The 1941 Crew Agreements and Logbooks of POLITICIAN official number 147482 is available from here.
http://discovery.nationalarchives.g...&_ps=15&_ro=any&_rd=&_rsd=&_red=&_fr=&_st=adv
However a search of the internet may be able to give you same. 
Pat,
Crew Agreements 1951 -1976 at MHA at Memorial University of Newfoundland have not been indexed. An e mail to MUN giving the ships name and O/N will probably give a result.

regards
Roger


----------



## Graham the pipe (Sep 6, 2010)

_Three 'old girls of the sea' are we
Polly, T'ish Ann and - maybe - me.
That would be four, I hear you cry.
True - but politicians DO lie!

_


----------



## A.D.FROST (Sep 1, 2008)

Like most politicans they loose their way when in power


----------



## Peter (Pat) Baker (Oct 3, 2005)

Roger Griffiths,
many thanks for that Roger.
I have been onto the MUN website, entered all the ships names,
Official numbers and dates of discharges, and was told that they
had no record of these ships.

Do you have any ideas where else I could try?

Cheers and best wishes,

Pat Baker.


----------



## Roger Griffiths (Feb 10, 2006)

Hello Pat,
I am surprised by the negative response from MUN. Have you emailed them direct?
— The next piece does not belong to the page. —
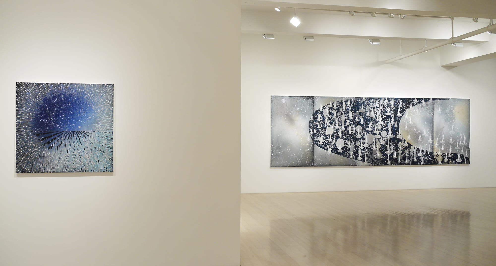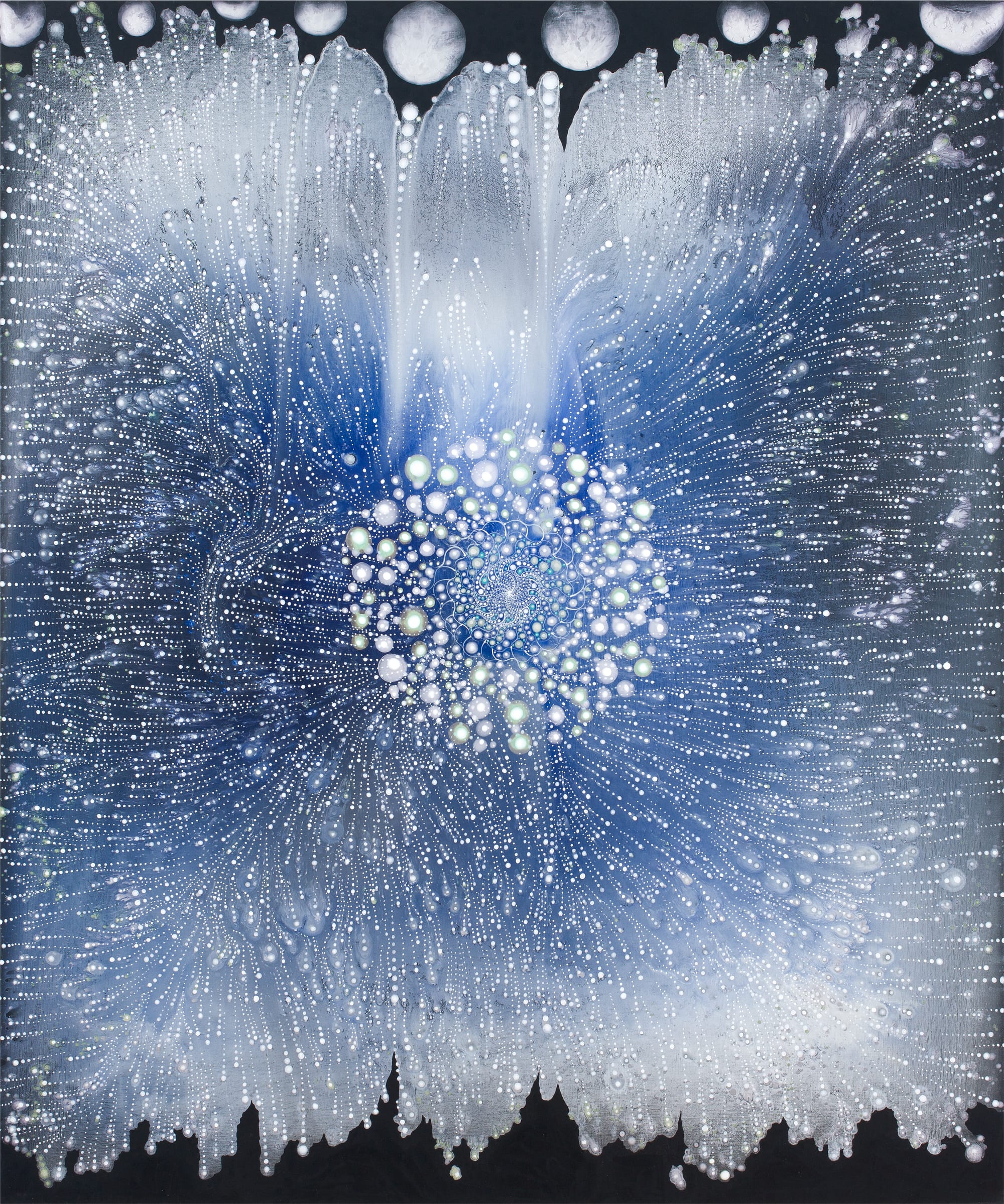 In other paintings, such as “The Edge” (2018), she evokes meteor showers. What gives Takenaga’s work a deeper resonance than one encounters in much contemporary abstraction is her allusion to of a world under constant pressure and in a state of relentless change. What also strikes me is the work’s overt visual appeal. A field full of beaded lines going in multiple directions simultaneously is visually sensual. Meticulousness and pleasure meet in these marks. It is clear the artist is attentive to each shift in direction, as none of the rhythmic lines repeat themselves. The dance between order and individuation is precise and exquisite. Looking at the vastness of space that “The Edge” embraces conveys the possibility of solace in this time of terror and disruption.

It could be that thay are not there and are at TNA or NMM Greenwich.
A 10% specimen group of all crew agreements 1951-1976 are in The National Archives; the remaining 90% for years ending in '5', up until 1995, have been deposited with the National Maritime Museum. The Museum currently, therefore, has 90% of the crew agreements for 1955, 1965, 1975, 1985 and 1995. All remaining papers up to 1976 have been transferred to the Maritime History Archive in Newfoundland after this date up until 1990 I believe they have been destroyed.
You could also ask MMM Liverpool who are keepers of the Harrison Archives.
Crew agreements for the period you are interested in are searchable via official number.
I trust his is of help
regards
Roger


----------



## chadburn (Jun 2, 2008)

Launched by The Furness Yard in 1921 as the "Canadiana" but completed as the "London Merchant" in 1923 she sailed without incident until a curse was placed on her in 1935 by giving her the name of "Politician".(Sad)


----------



## Peter (Pat) Baker (Oct 3, 2005)

Many thanks again Roger.
I will give those thins a try.
Cheers and take care.
Pat Baker.


----------



## Peter (Pat) Baker (Oct 3, 2005)

Roger,
for thins please read things......oops.
Pat.


----------



## Duncan112 (Dec 28, 2006)

The Book "Polly" by Roger Hutchinson has a photograph of the OLB in it, showing a stamp "To be preserved" which implies that it is still around in the UK. Maybe writing to Mr Hutchinson via the publishers, Mainstream might provide a lead.


----------